I don’t know if Torren being drunk is the best way to meet him outside of work, but I came all the way here. Maybe it’s a good thing? Perhaps he’ll drop his defenses in his tipsy state. I search the sidewalk for some gravel, pick up a few tiny pebbles, and begin hurtling them at his window.

Torren is about to crack another beer open when he hears the first pebble hit the windowpane. He looks confused, listens a bit more, then goes back to drinking.

I throw another, then another. Finally, he realizes the sound is something hitting against his window, and he goes to it and looks outside.

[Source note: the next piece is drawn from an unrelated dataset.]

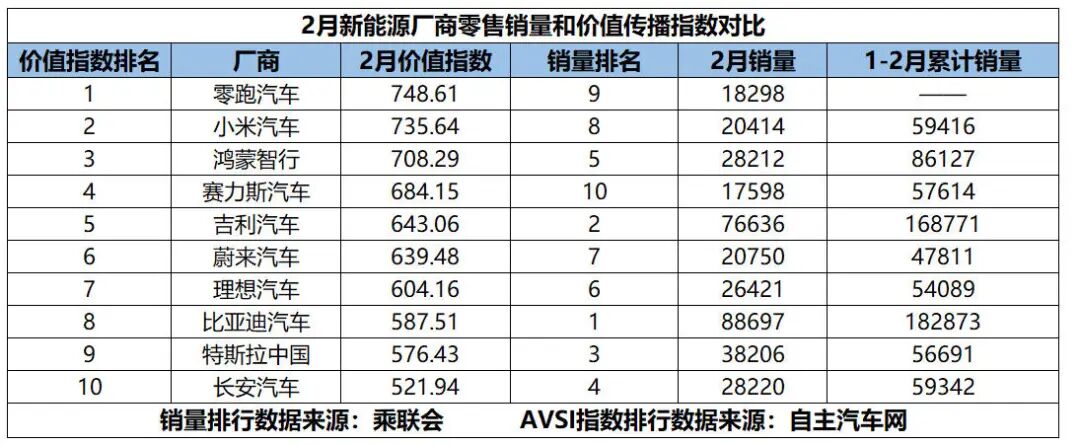 二月新能源市场的价值传播榜单,打破了销量决定声量的传统逻辑,价值与销量的深度错位,成为当下新能源市场竞争进入深水区的直接体现。零跑汽车以748.61的2月价值指数一举拿下价值榜榜首,成为本月最大黑马,但其二月销量仅18298辆位列第九,高声量与低销量形成鲜明对比,却也印证了其在品牌价值传播与用户心智占领上的成功;小米汽车紧随其后,以735.64的价值指数位居第二,20414辆的二月销量排名第八,1-2月累计销量59416辆,作为新能源赛道的新锐,凭借跨界流量与精准营销,持续在价值传播上保持高位。

I’m standing under a streetlight, giving him a clear view of the culprit, and his eyes widen the moment he sees me. A glimmer of excitement flashes across his face, but he quickly sours, before throwing open the window and screaming, “Have you lost your fucking mind? You’re coming to my place? In the middle of the night?”

I’m speechless because he’s shirtless, looking down at me with anger in his eyes, and all I want to do is fall to my knees.

I think back to the first time we met. It all felt so effortless.Why can’t it be like that now?

“I saw you today, Torren. You were watching me at that school.”

He clenches his fist and sighs. “I was in the area. I saw the commotion at the school. I went to see what was going on, and you were there. That’s all.”